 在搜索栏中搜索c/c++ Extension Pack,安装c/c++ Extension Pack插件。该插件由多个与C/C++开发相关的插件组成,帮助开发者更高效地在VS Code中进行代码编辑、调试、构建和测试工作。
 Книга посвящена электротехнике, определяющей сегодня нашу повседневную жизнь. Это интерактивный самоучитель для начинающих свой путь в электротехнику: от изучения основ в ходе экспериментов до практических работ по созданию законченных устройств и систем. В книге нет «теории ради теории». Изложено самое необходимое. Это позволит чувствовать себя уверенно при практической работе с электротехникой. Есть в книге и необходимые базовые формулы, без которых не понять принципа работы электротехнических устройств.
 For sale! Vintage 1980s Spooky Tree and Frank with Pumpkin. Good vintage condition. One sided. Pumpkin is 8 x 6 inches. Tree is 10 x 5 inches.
...
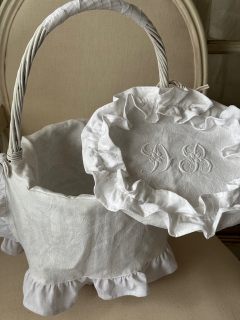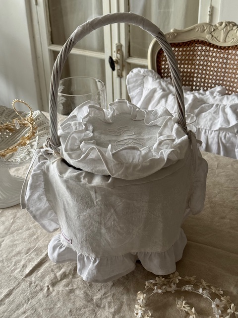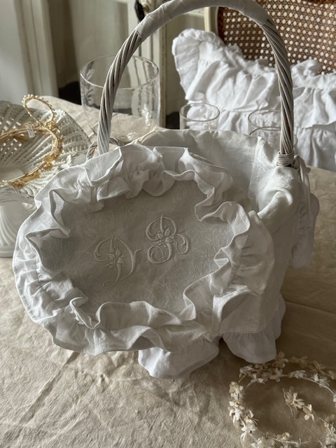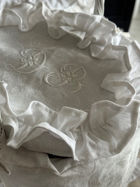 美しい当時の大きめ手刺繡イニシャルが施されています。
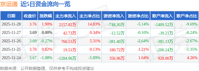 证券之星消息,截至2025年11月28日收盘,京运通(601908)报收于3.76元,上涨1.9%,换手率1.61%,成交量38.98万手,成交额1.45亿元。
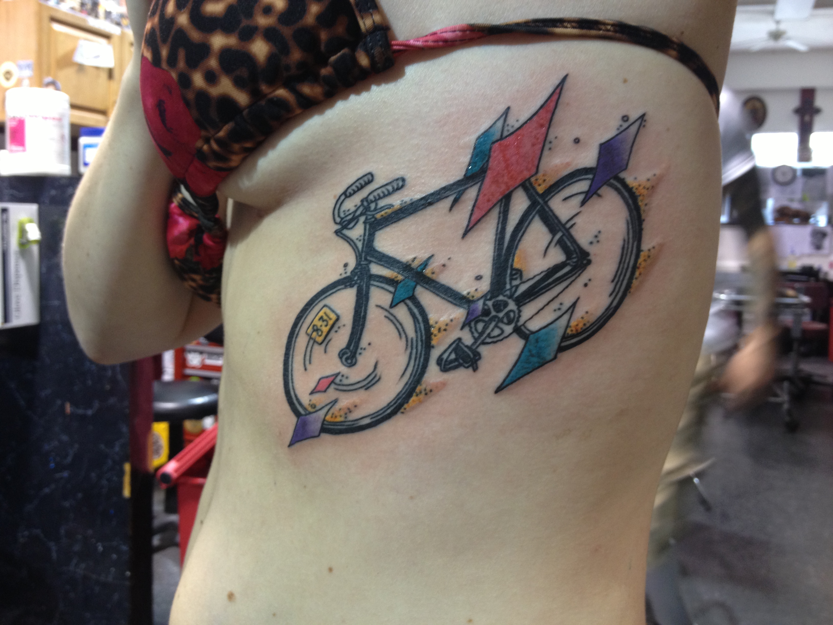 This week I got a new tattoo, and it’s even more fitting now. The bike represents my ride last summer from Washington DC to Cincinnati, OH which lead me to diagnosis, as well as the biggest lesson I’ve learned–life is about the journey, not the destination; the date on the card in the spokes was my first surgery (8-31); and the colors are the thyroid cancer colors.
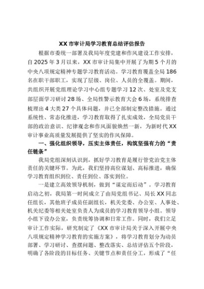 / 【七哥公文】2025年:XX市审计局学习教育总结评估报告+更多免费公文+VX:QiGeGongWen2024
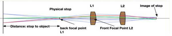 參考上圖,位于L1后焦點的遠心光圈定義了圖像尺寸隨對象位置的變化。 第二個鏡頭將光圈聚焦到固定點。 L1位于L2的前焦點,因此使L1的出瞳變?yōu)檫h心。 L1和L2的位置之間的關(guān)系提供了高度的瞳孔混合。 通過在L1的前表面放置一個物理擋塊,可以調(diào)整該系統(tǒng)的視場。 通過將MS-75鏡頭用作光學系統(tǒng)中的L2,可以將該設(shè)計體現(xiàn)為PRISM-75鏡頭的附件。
* * *
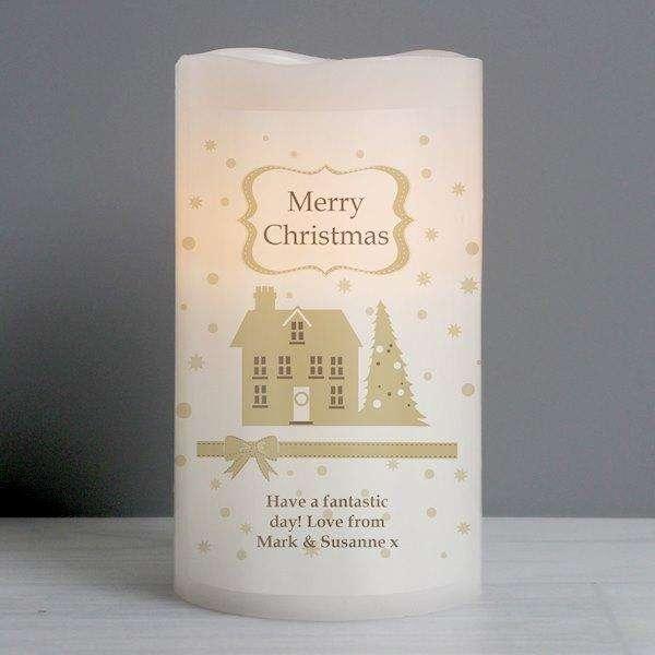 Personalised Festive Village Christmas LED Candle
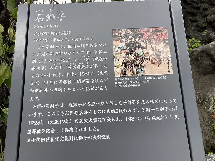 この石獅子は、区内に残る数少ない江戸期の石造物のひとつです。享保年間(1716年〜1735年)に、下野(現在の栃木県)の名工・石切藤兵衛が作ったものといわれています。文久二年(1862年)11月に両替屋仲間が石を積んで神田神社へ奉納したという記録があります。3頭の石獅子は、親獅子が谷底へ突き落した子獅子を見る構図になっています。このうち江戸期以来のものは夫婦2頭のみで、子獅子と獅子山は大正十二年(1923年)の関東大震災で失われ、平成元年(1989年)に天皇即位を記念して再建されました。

YOUR OBJECTIVE. Word for word, restate the lines of the listing above starting at the line with "在搜索栏中搜索c/c++ Extension Pack,安装c/c++" and ending at the line with "For sale! Vintage", and nothing outside them.

RESPONSE AREA.
 在搜索栏中搜索c/c++ Extension Pack,安装c/c++ Extension Pack插件。该插件由多个与C/C++开发相关的插件组成,帮助开发者更高效地在VS Code中进行代码编辑、调试、构建和测试工作。
 Книга посвящена электротехнике, определяющей сегодня нашу повседневную жизнь. Это интерактивный самоучитель для начинающих свой путь в электротехнику: от изучения основ в ходе экспериментов до практических работ по созданию законченных устройств и систем. В книге нет «теории ради теории». Изложено самое необходимое. Это позволит чувствовать себя уверенно при практической работе с электротехникой. Есть в книге и необходимые базовые формулы, без которых не понять принципа работы электротехнических устройств.
 For sale! Vintage 1980s Spooky Tree and Frank with Pumpkin. Good vintage condition. One sided. Pumpkin is 8 x 6 inches. Tree is 10 x 5 inches.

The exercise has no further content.